Es decir, no me malinterpretes, todos somos profesionales aquí, pero no tenías por qué intervenir cuando había muchos otros médicos y cirujanos dispuestos a ayudar y…
¿no te hizo daño?
—Anna siempre fue amable conmigo, me trató como a su propia nieta, y no dudo que si hubiera sabido el alcance de su negligencia le habría cantado las cuarenta, incluso con el corazón en ese estado.
Supongo que quería devolverle todo lo que hizo por mí…
—Ella…
—Y, si vamos a ser sinceros, como médica, no quiero abandonar a mis pacientes, y como nieta, no quería que mi abuela falleciera sin hacer todo lo que pudiera por ella.
—Bueno, si no fuera por ti, probablemente habría fallecido hace mucho tiempo.

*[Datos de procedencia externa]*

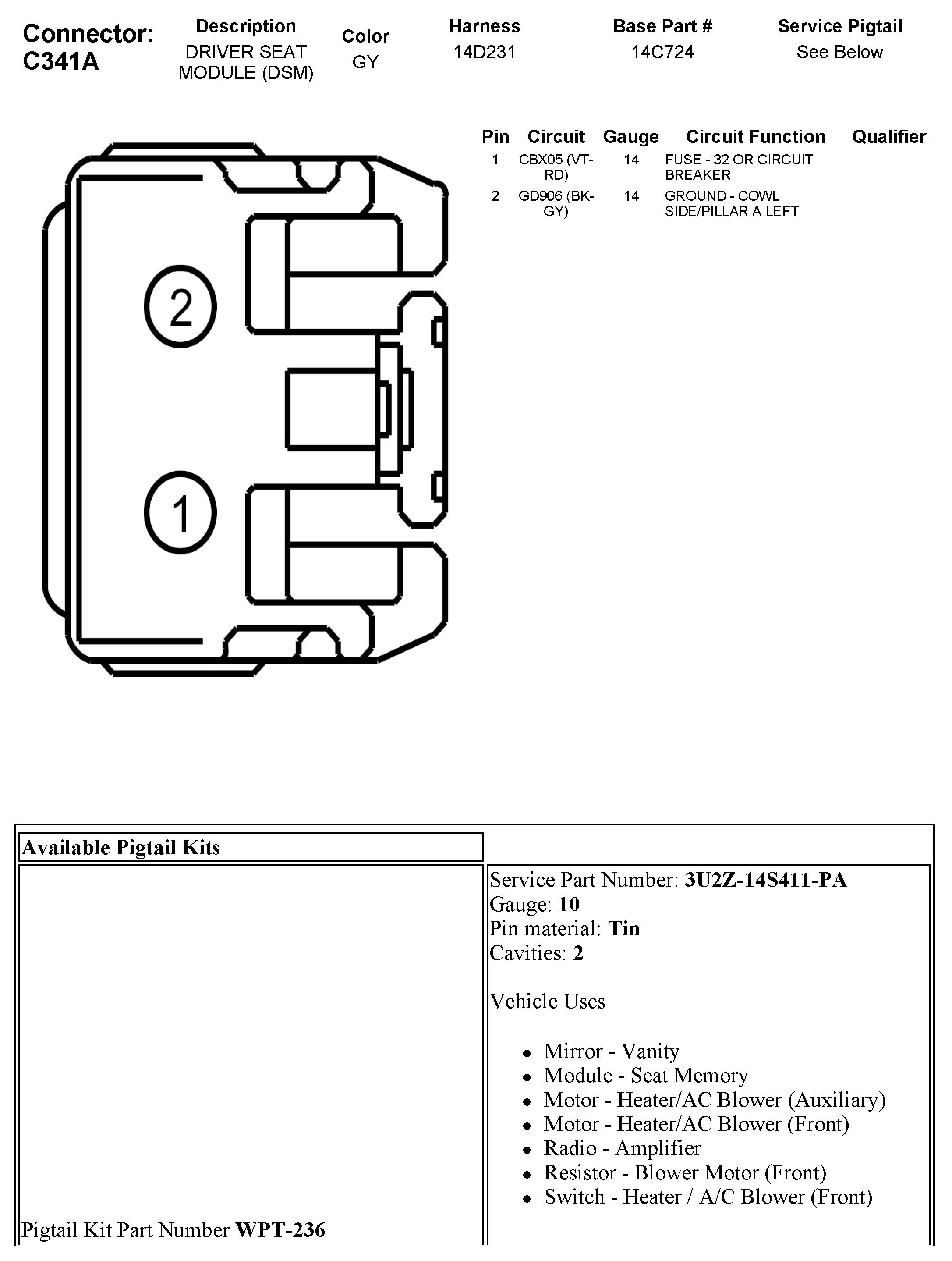 C341A Driver Seat Module (DSM)

Fuiste tú quien insistió en que fuera a esa primera cita cuando tenía un soplo en el corazón, ¿no?
—Sí, no podía simplemente ignorarlo.
Aunque no fuéramos cercanas, habría hecho todo lo posible por ayudar.

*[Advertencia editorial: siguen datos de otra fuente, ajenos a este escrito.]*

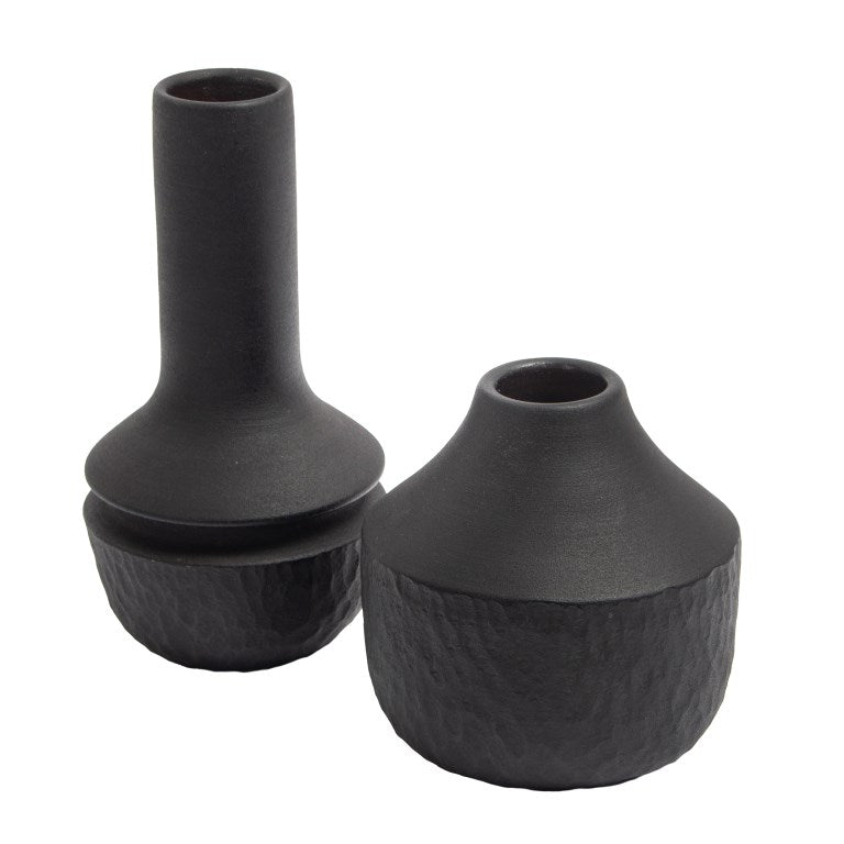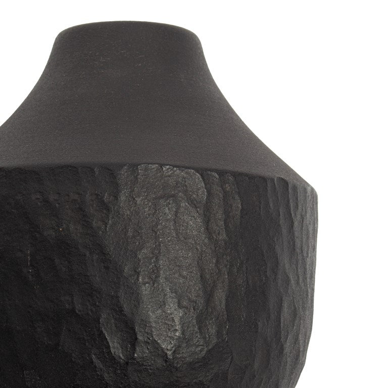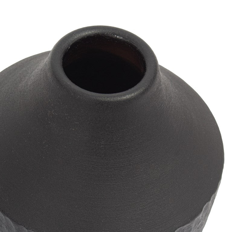 This handmade vase features a matte black finish with a textured lower half, and pairs perfectly with other similar pieces.

—Tuvo mucha suerte de tenerte…
tu ex también, aunque no pudiera sacar la cabeza del culo para entenderlo.
Su abuela está viva gracias a ti…
¡joder, has hecho tanto por él!
—Ya es cosa del pasado.
—Si alguna vez necesitas ayuda, Ella, que sepas que estoy aquí para ti, ¿vale?
—…Gracias, Jacob.
Buenas noches —murmuro antes de colgar y mirar al techo.
Hay elegantes molduras de corona en el techo, por no hablar de las gruesas cortinas que cuelgan alrededor de la cama con dosel.
Jacob es agradable; también es dulce y atento, pero después de todo, la verdad es que no sé qué sentir sobre volver a tener citas, ni tampoco qué debería sentir por él.